July #1GAM: Castaway Exhaustion, Meters, and Richer Experiences

Now that it is July, I’m continuing work on my One Game a Month project, Shipwrecked.

At the end of June, I was trying to create a new image to indicate that the player is either drowning or collapsed on the ground. I had a first try, but it didn’t read very well:

June #1GAM

That last frame is supposed to be the “collapsed on the ground due to exhaustion” image, but it didn’t look very different from the “facing up” image.

So I asked for help on Twitter and Google+, and I got some great suggestions:

July #1GAM - HelpfulTweets

Unfortunately, I ran out of time last month, but that’s when I created Dark Horse last Saturday and submitted that game for June.

So when I got back to work this month on Shipwrecked, I wanted to make it obvious to the player how dangerous it is to stay out in the water too long.

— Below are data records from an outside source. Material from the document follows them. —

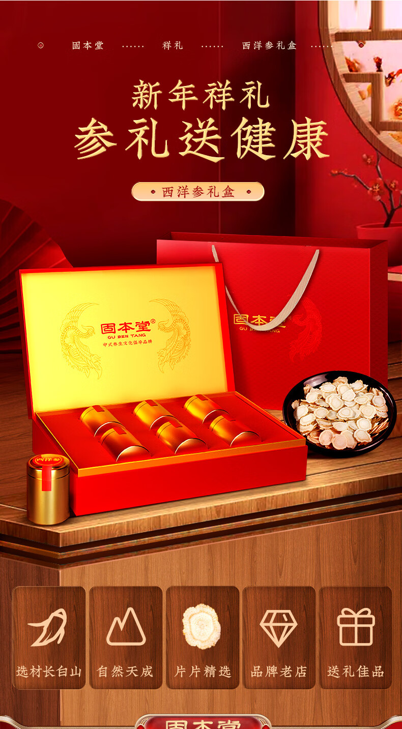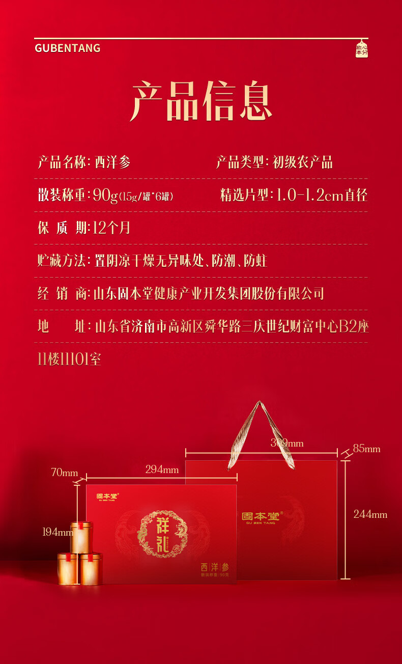 固本堂西洋参礼盒(1.0cm-1.2cm)90g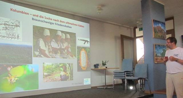 Vortrag von Uwe Meier (Fair in Braunschweig e.V.), der den ultimativen Kakao in Kolumbien bisher erfolglos suchte.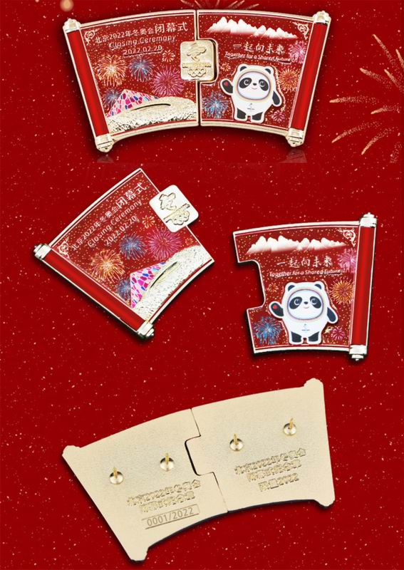 “來日方長” 北京2022年冬奧會閉幕式紀念徽章一套兩枚,拼合在一起就形成了一個漂亮的卷軸,寓意雖然北京冬奧會圓滿閉幕,但奧運精神薪火相傳,來日方長。徽章材質(zhì)為鋅合金,采用釉面彩繪、立體浮雕、立體分層等工藝,每個產(chǎn)品均雕刻獨立序列號,高5cm、寬9.3cm、厚3mm,紙盒包裝,限量2022套。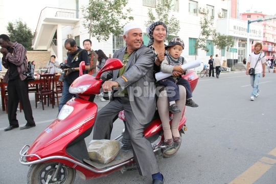 Xinjiang Province, China - 09/20/2011: Chinese Muslim Uighur family riding a red scooter.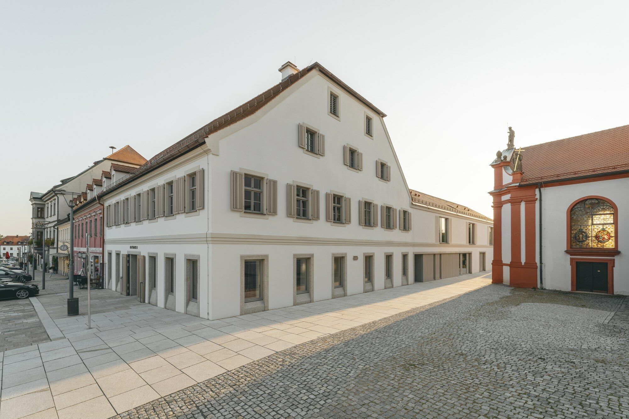 Aus Leerstand wird Rathaus: In der kleinen Kreisstadt Tirschenreuth am Rand der nordöstlichen Oberpfalz haben Brückner & Brückner Architekten (Tirschenreuth/Würzburg) ein altes Ackerbürgerhaus in ein modernes Verwaltungsgebäude verwandelt. Direkt am Marktplatz, wo auch der weiterhin genutzte Bestandsbau (Rathaus I) steht, umfasst es einen neuen Rats- sowie Sitzungssaal und bietet Platz für verschiedene, bisher über die Stadt verteilte Ämter. Das Ergebnis (Rathaus II) gefällt auch Landesvater Markus Söder, der zur Eröffnung kam. Traditionelle Bauten zu erneuern, sei manchmal zwar etwas teurer. Dafür sei deren Substanz aber oft besser als die vieler Bauten aus den 1970ern, die man vergessen könne – so Söder auf Oberpfalz TV.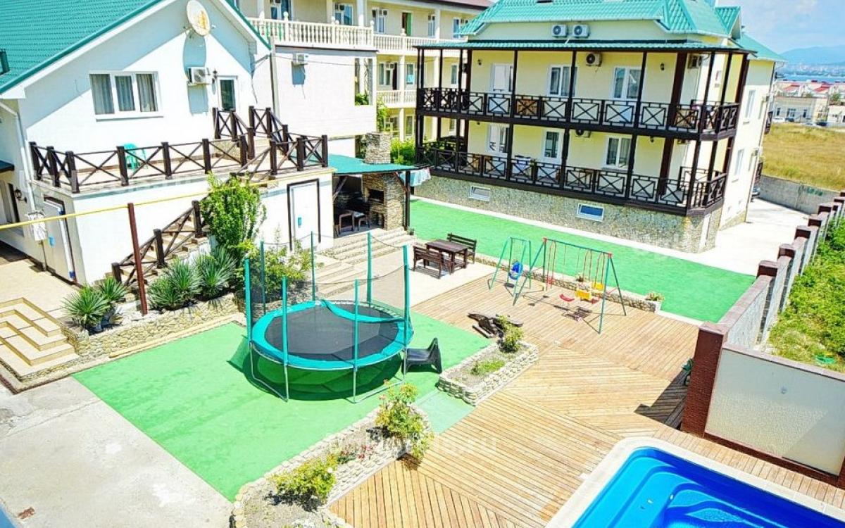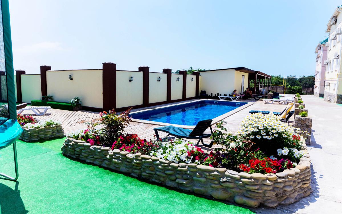 Бассейн под открытым небом 7/3м с современной очисткой воды. Благоустроенный внутренний двор: две беседки, шезлонги, столы, стулья, батут, качели, детская площадка.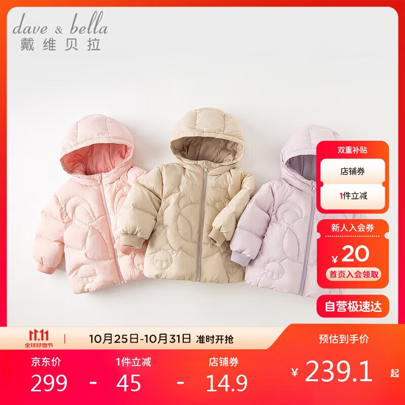 戴维贝拉【抗菌绒】儿童羽绒服冬装男童三防外套女童上衣

I created a few more frames of animation for drowning, which happens when you’re out of stamina and swimming. You can still swim, but you only have a few seconds of air left. If you run out of air, you die. Swimming has the Castaway bobbing in and out of the water, but drowning shows what little of his face that is above the water in anguish:

July #1GAM

And if you make it back to shore in time, here is the new “collapsed due to exhaustion” look, based on the feedback I received:

July #1GAM

I also added a stamina bar to the top right of the screen. If you are drowning, a second bar appears to give you an indication of how much air you have left. Both of these bars can be seen in the above screenshots.

When you stand still and aren’t swimming, you regain stamina slowly.

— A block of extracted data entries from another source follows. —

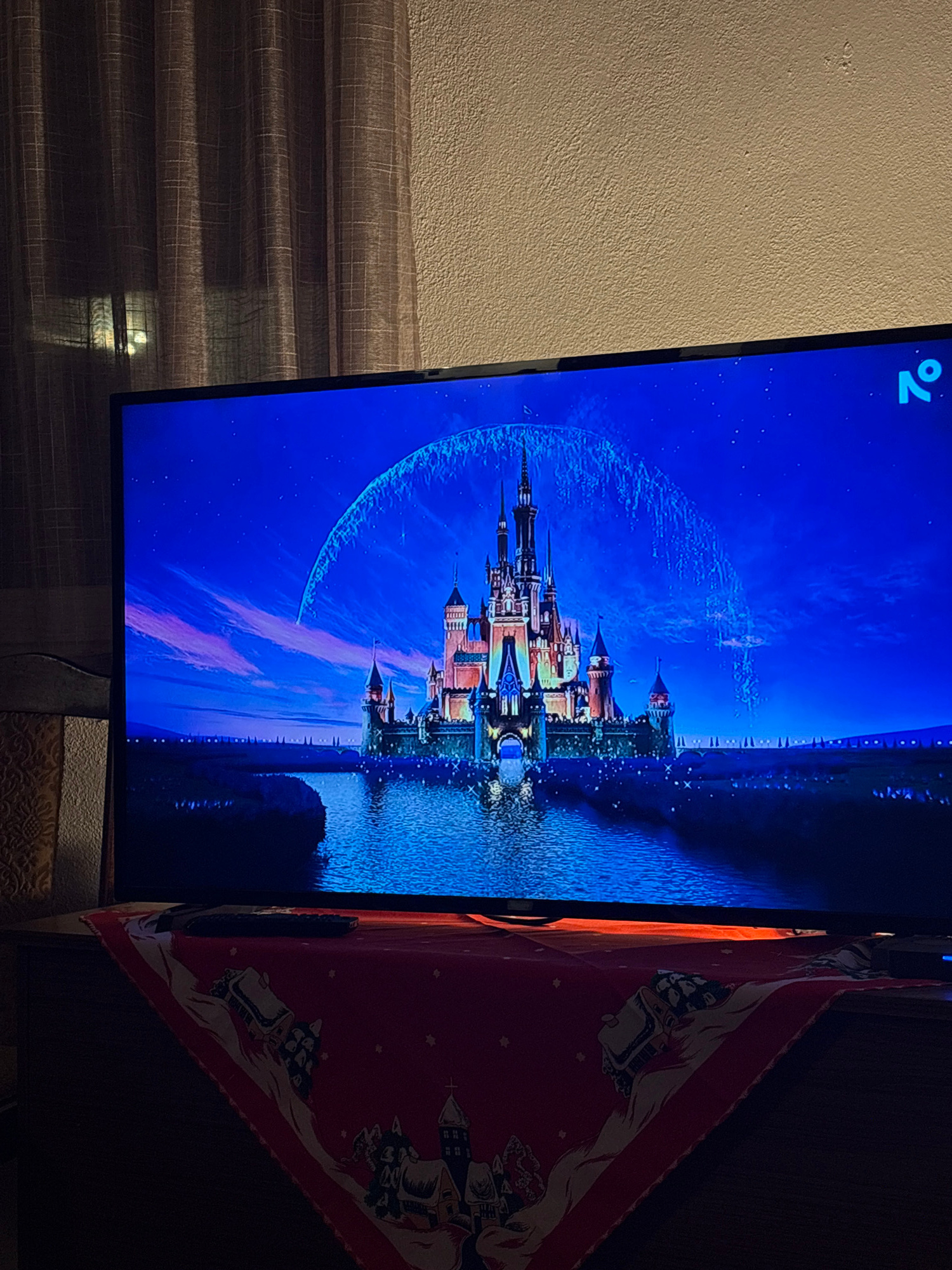 The image shows a television screen displaying an animated scene of a castle, potentially from a Disney film. The scene has a blue color scheme and features a castle surrounded by a glowing, semi-circ…read more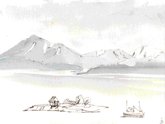 Aalesund, paysage de Norvège, dessin aquarellé (1990)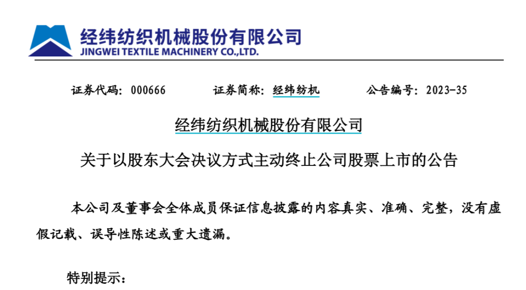 ![]() 兄弟姐妹们啊,又见证历史了,A股上市公司经纬纺机8月29日深夜突然发公告,宣布退市。 经纬纺机宣布退市 ![]() 第一、经纬纺机在财务上没有触发任何退市条件,自己主动申请退市。这在A股应该算是首例,此前A股也有主动退市的,是叫*ST二重,但是这家公司因2011年至2013年连续三年亏损,2014年度继续亏损78亿元,退市已经不可避免。 第二、经纬纺机是一家央企下属公司。是中国恒天旗下子公司,中国恒天成立于1998年,是国内以纺织装备为核心主业的中央企业。2017年6月29日,经报国务院批准,中国恒天集团有限公司整体并入中国机械工业集团公司。 第三、它还是中融信托的大股东。 先看看公告怎么说。 ![]() 为保护中小股东利益,根据《深圳证券交易所股票上市规则》等相关法律、法规及规范性文件的规定,经公司股东中国恒天集团有限公司(以下简称“恒天集团”)、中国恒天控股有限公司(以下简称“恒天控股”)提议,并经公司董事会审议通过,公司拟以股东大会决议方式主动撤回A股股票在深圳证券交易所的上市交易,并转而申请在全国中小企业股份转让系统转让。 2023年8月26日,国机集团出具《关于同意实施经纬纺机主动退市的批复》,同意经纬纺机以股东大会决议方式实施主动退市,同意恒天集团提供现金选择权。 2023年8月27日,经恒天集团第三届董事会第三十八次会议审议,同意提议经纬纺机以股东大会决议方式实施主动退市,同意由恒天集团提供现金选择权。 2023年8月27日,经恒天控股股东会审议,同意提议经纬纺机以股东大会决议方式实施主动退市。 ![]() 行使现金选择权的经纬纺机股东可就其有效申报的每一股经纬纺机股份,在现金选择权实施日获得由相关现金选择权提供方按现金选择权价格支付的现金对价,同时将相对应的股份过户至相关现金选择权提供方名下。该等行使现金选择权的股东无权再就申报行使现金选择权的股份向经纬纺机或任何同意本次以股东大会决议方式主动终止上市方案的经纬纺机其他股东主张现金选择权。 现金选择权的行权价格为9.24元/股,为公司本次董事会决议审议通过以股东大会决议方式主动终止上市事项前三十个交易日的每日加权平均价格的算术平均值。 扣除恒天集团、中纺机集团持有的公司2.38亿股股份,及其他股东持有的为限售或存在权利限制的公司21.5万股股份,以及退市外资股1.81亿股份。在现金选择权申报时间内,恒天集团预计将为不超过2.85亿股股份提供现金选择权,具体以现金选择权实施情况为准。 公告也提示了行使现金选择权的相关风险。 若股东大会不能通过《关于以股东大会决议方式主动终止公司股票上市事项的议案》,公司的A股异议股东及其他A股股东将不能获得现金选择权,公司的A股异议股东及其他A股股东不得就此向公司或恒天集团主张任何赔偿或补偿。 若申报行使现金选择权时公司股价高于现金选择权价格,则股东申报行使现金选择权将可能使其利益受损。 其实就在8月28日,经纬纺机突发公告,公司于8月27日收到公司股东恒天集团《关于筹划重大事项申请股票停牌的函》,恒天集团正在筹划与公司相关的重大事项。最新数据显示公司的股价是8.05元一股,而行权价格为9.24元/股。 系中融信托第一大股东 经纬纺机还有一个更重要的角色,就是中融信托的第一大股东!我们知道,中融信托最近不太平。 中融信托前身为成立于1987年的哈尔滨国际信托投资公司。2002年,中植集团出资1.2亿元参与了中融信托的重组,一举成为第一大股东。 2010年,经纬纺机受让中植企业集团持有的中融信托11700万公司股本,成为第一大股东。经纬纺机持有中融信托37.470%股权,为控股股东。中植企业集团持股32.986%,为第二大股东。于是,中融信托获得了国资背景,在国资身份的“加持”下,中融信托狂飙突进。不过,尽管中融信托明面上第一大股东是国资,但也有市场人士认为,经纬纺机扮演财务投资者的角色,中融信托仍由中植集团实际控制和操盘。 经纬纺机的年报显示,2022年年末,中融信托存续信托计划1633个,受托管理资产6293亿元。 ![]() 而目前已经有多家上市公司踩雷中融信托, 8月23日,先锋电子公告称,公司4000万元购买的中融信托产品“鸿榕1号”,本金及投资收益尚未收回,存在本息不能全部兑付或者仅部分兑付的风险。 8月21日晚间,先锋电子公告称,2022年8月15日至17日,公司分别使用闲置资金3000万元、2000万元购买了中融信托的裕嘉1号和汇聚金1号信托产品。截至公告披露日,上述信托产品本金及投资收益尚未收回,存在本息不能全部兑付或者仅部分兑付的风险。 8月21日,微光股份公告称,2023年5月22日,公司购买了中融信托发行的信托产品中融-汇聚金1号,金额为5000万元,到期日为2023年8月21日。截至本公告披露日,公司尚未收到该信托产品本金及投资收益。 8月18日,金房能源发布公告,2023年5月19日,公司购买了中融信托发行的“圆融1号”产品,金额为3000万元,起息日为2023年5月19日,到期日为2023年8月17日,预计年化收益率5.6%。截至本公告披露日,公司尚未收到本金及投资收益。 8月11日,金博股份、南都物业双双公告所购中融信托产品逾期兑付。其中南都物业于2023年2月9日,使用闲置自有资金3000万元购买了汇聚金1号,产品期限自2023年2月9日至2023年8月8日。金博股份于今年8月份,使用闲置自有资金6000万元购买了“隆

What I like about everything I just described is that it is a pretty simple system that provides a better play experience. It is slightly more complicated than what I had before. Originally, if you had no more stamina and were swimming, you instantly drowned. It was harsh, and you had little feedback.

Now, stamina informs whether or not you have the strength to swim. If you don’t, then you start drowning, but you still have time to get back to safety before you run out of air. Air becomes a secondary resource, and the player has more options. Do you risk swimming to that smaller island that may or may not be within swimming distance, or do you turn back? It’s up to you how conservative you want to play. What’s more, stamina doesn’t recover if you are moving, so if you have to keep running away from something chasing you, you are risking the danger of not being able to swim very long.

I’m reminded of a talk given by Chris Crawford in which he discusses the use of variable ranges rather than booleans to provide a larger experience. If you have an NPC in adventure game, you could have a boolean that represents whether or not the character is hostile towards the player, but wouldn’t it be possible to have a richer experience if there were any number of in-between states, such as indifferent? Or secondary states, such as confident or fearful?

While I’m pleased with the stamina and air supply systems, I still need to give the player some way of eating food and recovering from hunger. I could implement a simple system in which touching nearby food objects automatically consumes the food, but in keeping with the above ideas, wouldn’t it be a richer experience to have an inventory system and give the player the choice of when to eat? As a couple of examples, I can introduce the concepts of food spoilage and cooking.

At the same time, July 31st will be here before I know it. I can’t get carried away with feature creep before I have created the core of the game play.